Required work =
Among the records that follow, find the line with "Sterling Silver Tiger's" and the line with "Sığorta şirkətlərinin şikayət". Set down those lines and all lines between them exactly, without adding anything.

===== Records supplied

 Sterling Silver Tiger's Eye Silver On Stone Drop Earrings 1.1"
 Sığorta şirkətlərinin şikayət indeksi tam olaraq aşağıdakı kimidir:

==========
===== Records supplied

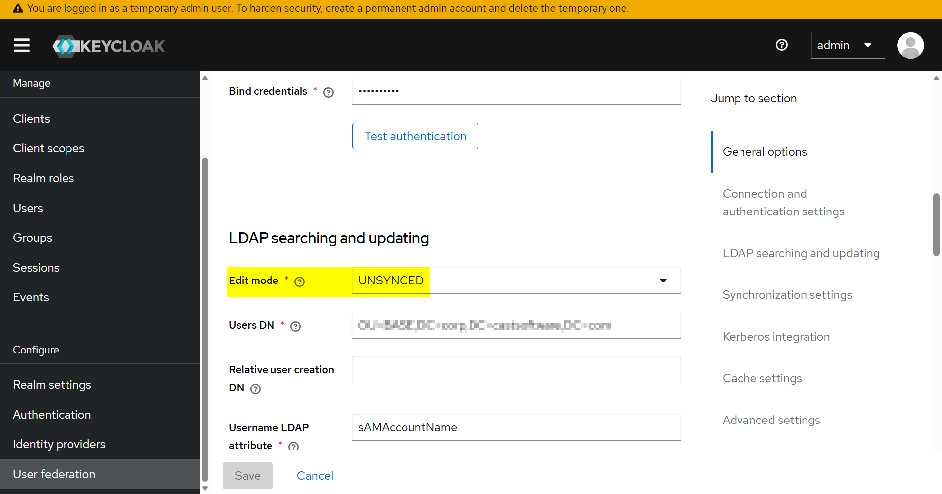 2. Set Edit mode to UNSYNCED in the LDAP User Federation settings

==========
===== Records supplied

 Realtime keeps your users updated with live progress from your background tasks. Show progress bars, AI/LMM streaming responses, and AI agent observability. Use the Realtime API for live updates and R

==========

Solution to this exercise =
 Sterling Silver Tiger's Eye Silver On Stone Drop Earrings 1.1"
 Sığorta şirkətlərinin şikayət indeksi tam olaraq aşağıdakı kimidir:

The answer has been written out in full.